Source: Deep Learning on Medium
A Distance-based Recommender System with the Yelp Dataset
Ah, Vegas. The lights, the sounds, the joyful lap-dancing abound. Or so I’ve heard (I haven’t actually been there). As they say, whatever happens in Vegas, stays in Vegas; we all know what happens in Vegas, but perhaps culinary experiences do not top that list.
For the 5th project in Metis’ Data Science Bootcamp, I decided to have a go at using Yelp’s Kaggle Dataset to build a distance-based recommender system. In this project, I hypothesize food being an afterthought, that people are indecisive, constantly hangry and want to be told what restaurants are good within their immediate proximity while still taking into account personal preferences and visit histories.
Recommender systems you say?
Recommender systems come implemented in various forms all across the web, the advantages of which are well documented. It is how you are kept in a never-ending loop of YouTube / Netflix binging or impromptu Amazon shopping sprees, often leaving you in a state of self-disgust (yes, we’ve all been there).
While platforms see a direct increase in revenue, consumers also benefit from having tailored suggestions pushed to them. Put simply, recommender systems show the right things to the right people at the right time.

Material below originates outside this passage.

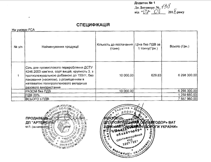 Ймовірно, якби КАТП-1628 придбало сіль напряму в ДП «Артемсіль», а не в ТОВ «Костанза», коштів витратили б менше. Такі висновки ми зробили, поглянувши на закупівлю солі у липні 2018 року Полтавським автодором у «Артемсолі». Згідно зі специфікацією, одна тонна без ПД обійшлася у 629,83 грн. Тим часом Кременчук купив одну тонну солі без ПДВ за 870 грн. Хоча, можливо, таку ціну можна пояснити підвищенням цін за півроку.
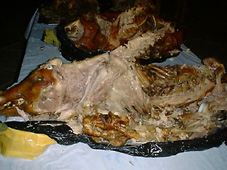 パーティには子豚の丸焼きがつきもの。きれいに花を飾ってあります。後ろは舟盛りの刺身。レモンとしょうゆとトウガラシの入ったフィナデニソースをつけて食べます。右は子ブタ使用中。

Collaborative & Content-based Filtering
Whilst the level of sophistication in a recommender system ranges greatly from use-case to use-case, they are generally based on two fundamental methods of filtering: Collaborative & Content.
In a collaborative setting, birds of a feather flock together. Users with similar likes and dislikes are grouped together. If a person A has the same opinion as a person B on an issue, A is more likely to have B’s opinion on a different issue than that of a randomly chosen person.
In this example, as both Users A & B have rated Crystal Jade & Han’s highly, it can be assumed that Users A & B are similar because they have identical tastes and preferences. In this case, if User A then goes on to rate NamNam highly (a restaurant not yet visited by User B), NamNam would be recommended to User B.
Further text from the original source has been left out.